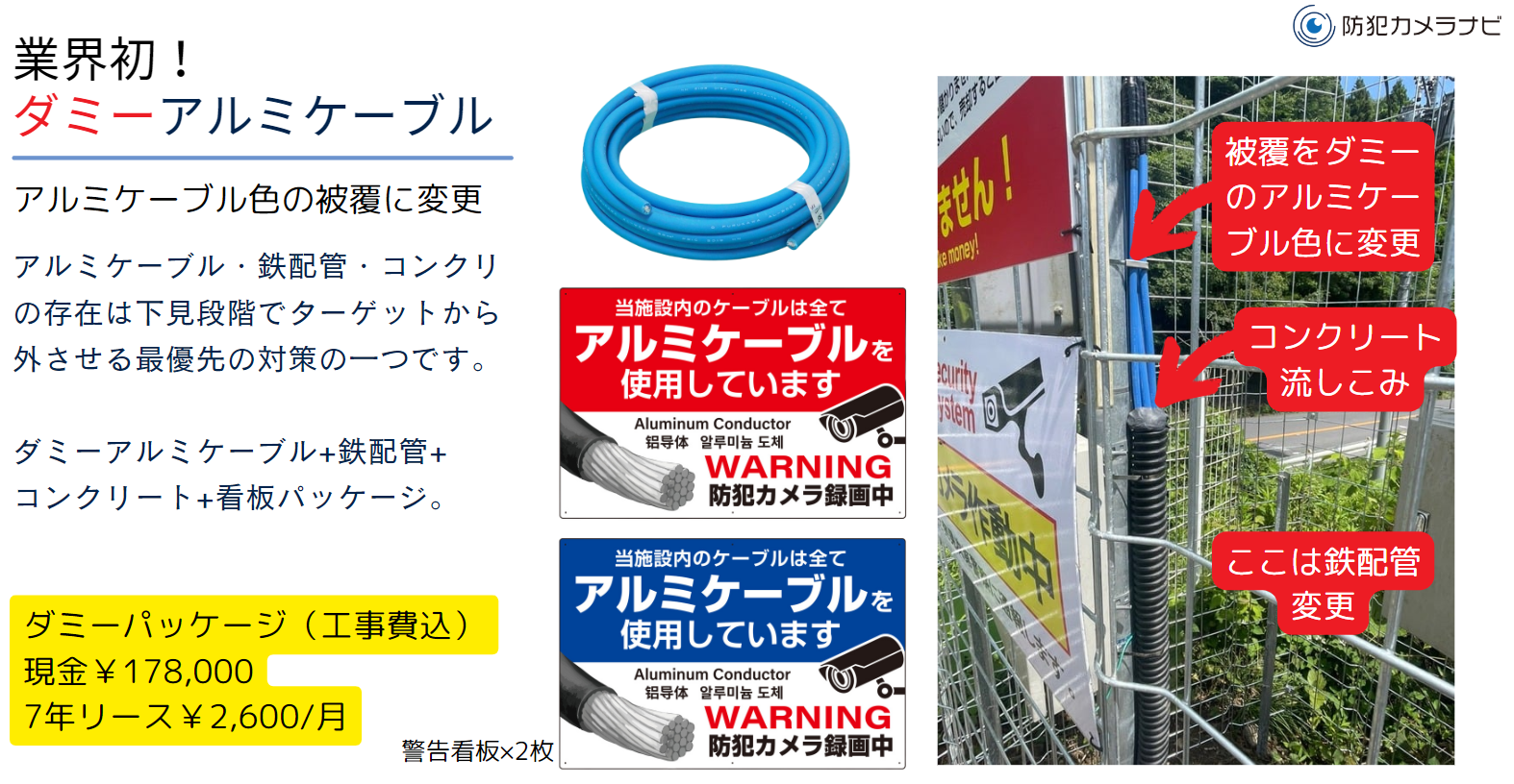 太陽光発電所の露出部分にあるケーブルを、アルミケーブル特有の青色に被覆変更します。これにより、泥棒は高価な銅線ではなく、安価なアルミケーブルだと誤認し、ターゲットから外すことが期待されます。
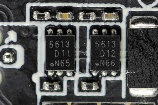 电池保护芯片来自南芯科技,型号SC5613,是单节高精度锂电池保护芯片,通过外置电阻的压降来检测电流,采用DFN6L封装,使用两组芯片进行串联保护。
◇ ◇ ◇ ◇ ◇
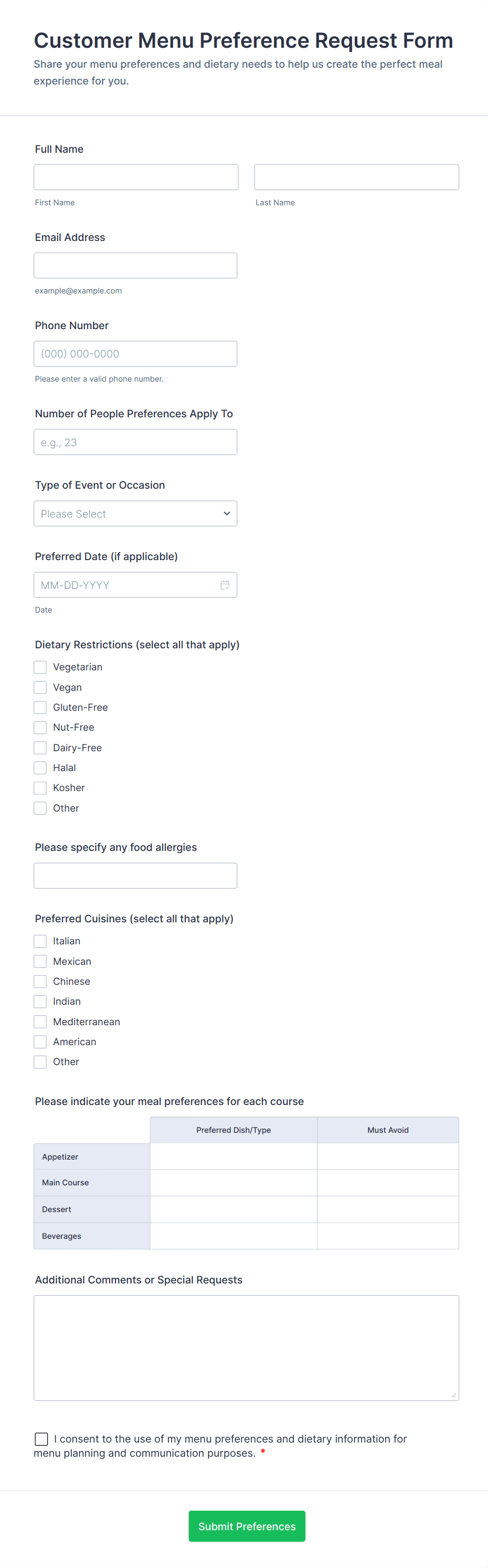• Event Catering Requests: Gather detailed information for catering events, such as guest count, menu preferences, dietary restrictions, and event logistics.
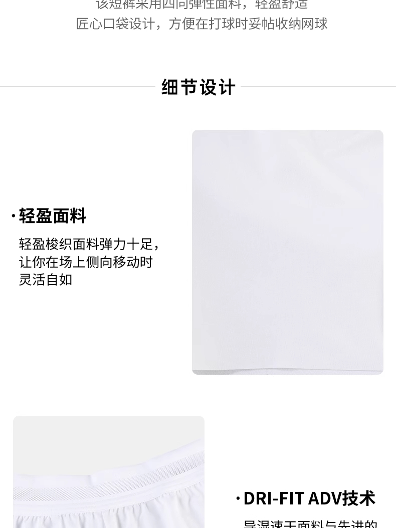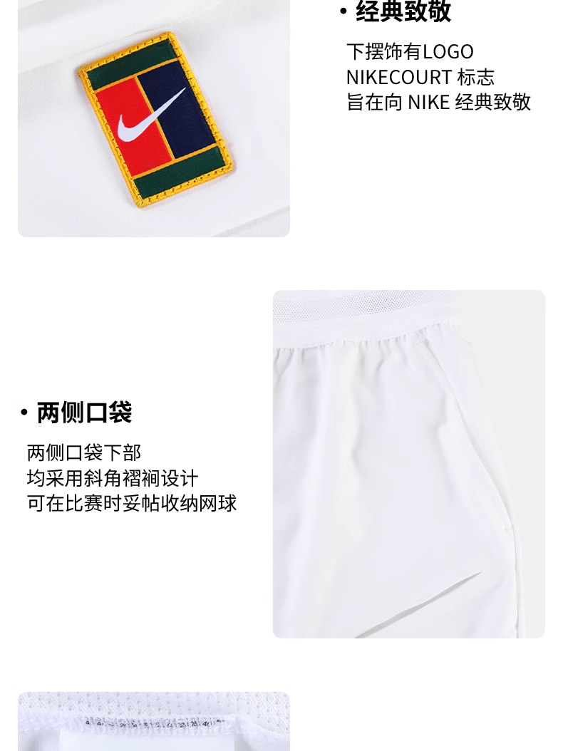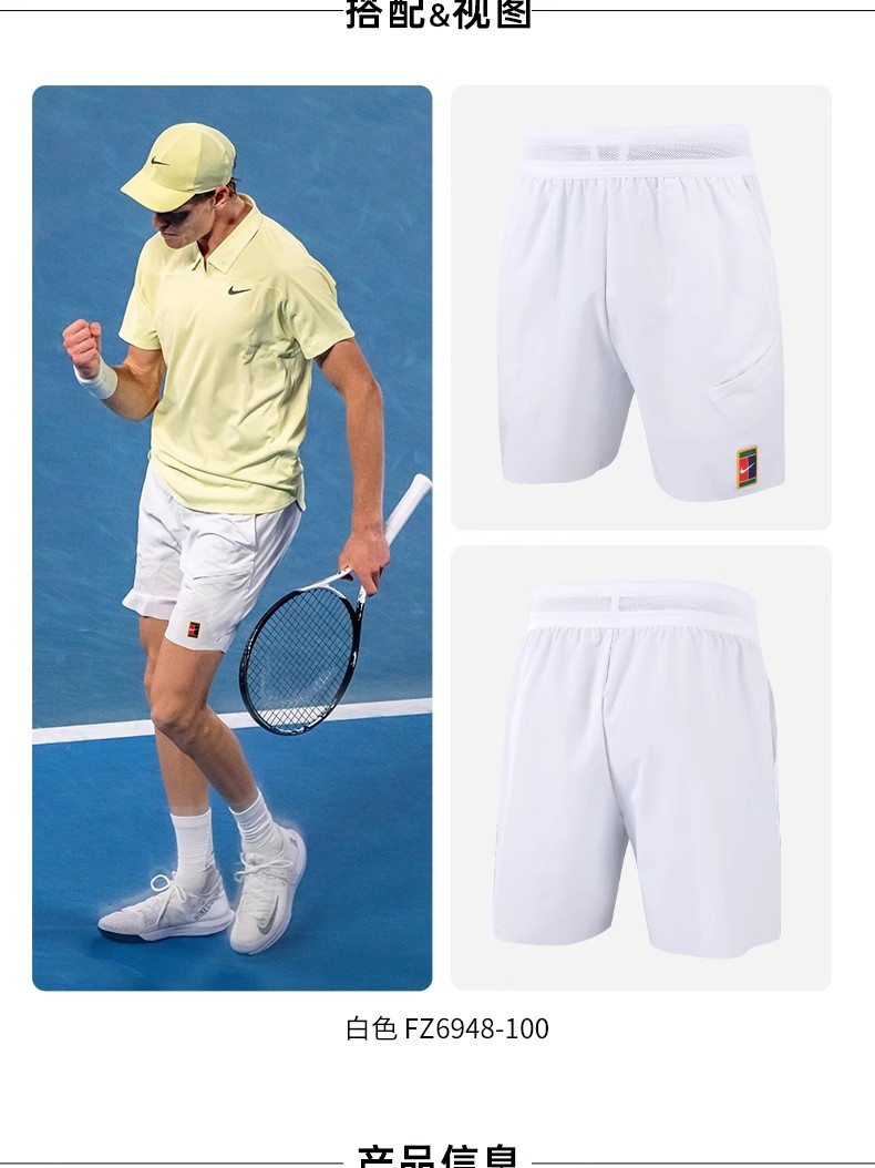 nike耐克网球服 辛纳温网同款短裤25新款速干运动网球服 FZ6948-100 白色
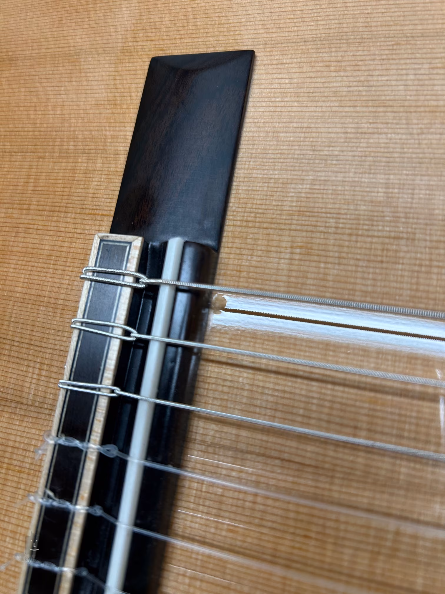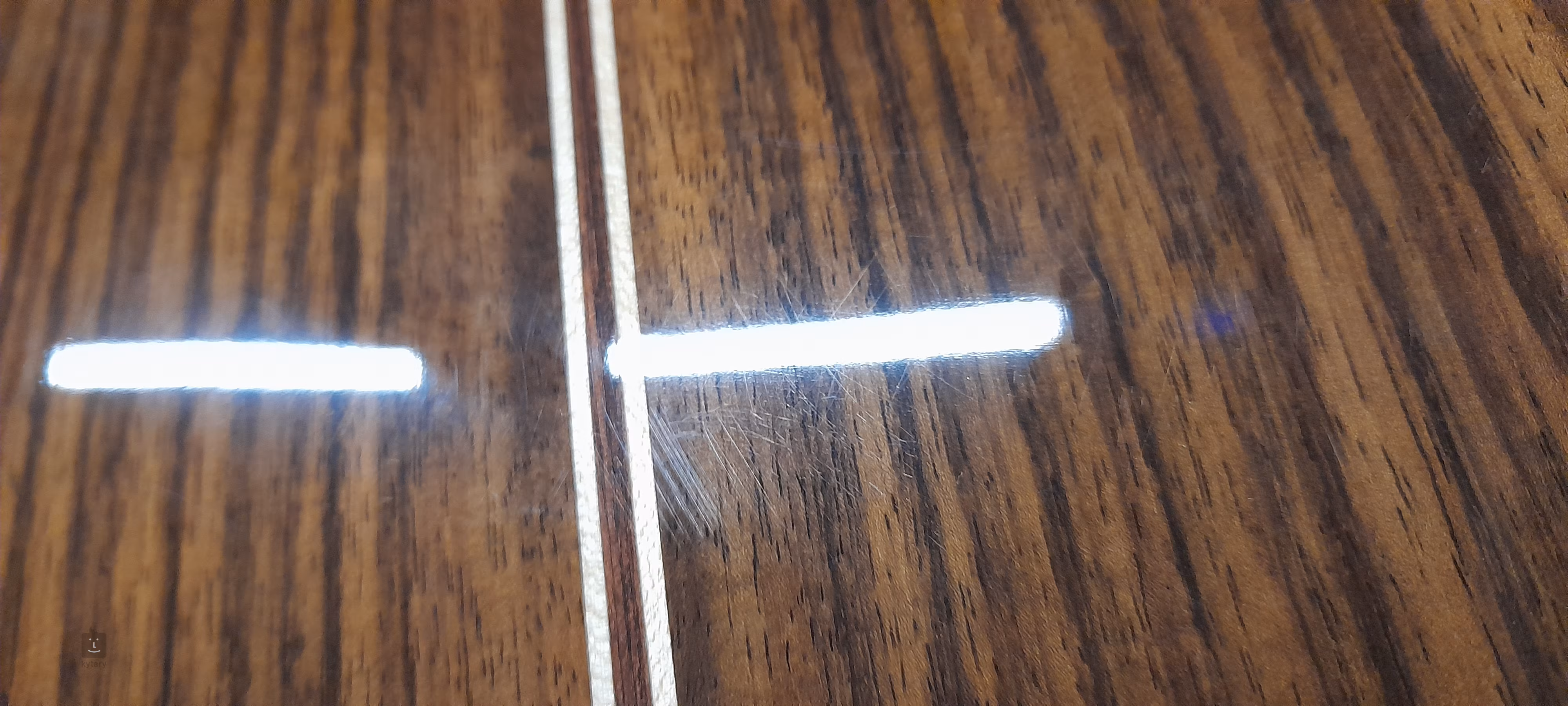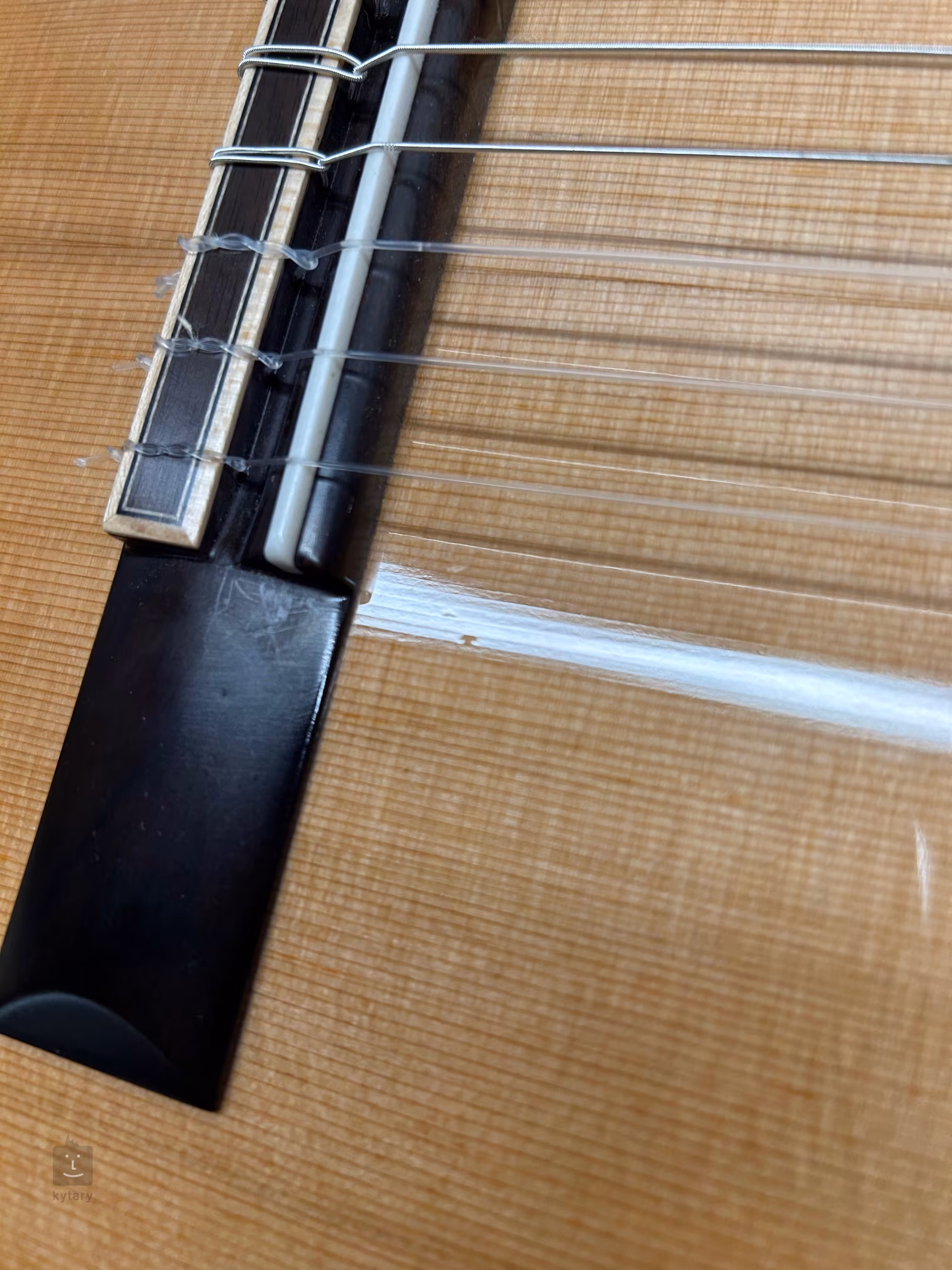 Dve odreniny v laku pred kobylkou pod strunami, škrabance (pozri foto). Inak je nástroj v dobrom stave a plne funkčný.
◇ ◇ ◇ ◇ ◇
In the listing above, find the line with "太陽光発電所の露出部分にある" and the line with "电池保护芯片来自南芯科技,型". Copy exactly those two and every line between, without the pictures.

 太陽光発電所の露出部分にあるケーブルを、アルミケーブル特有の青色に被覆変更します。これにより、泥棒は高価な銅線ではなく、安価なアルミケーブルだと誤認し、ターゲットから外すことが期待されます。
 电池保护芯片来自南芯科技,型号SC5613,是单节高精度锂电池保护芯片,通过外置电阻的压降来检测电流,采用DFN6L封装,使用两组芯片进行串联保护。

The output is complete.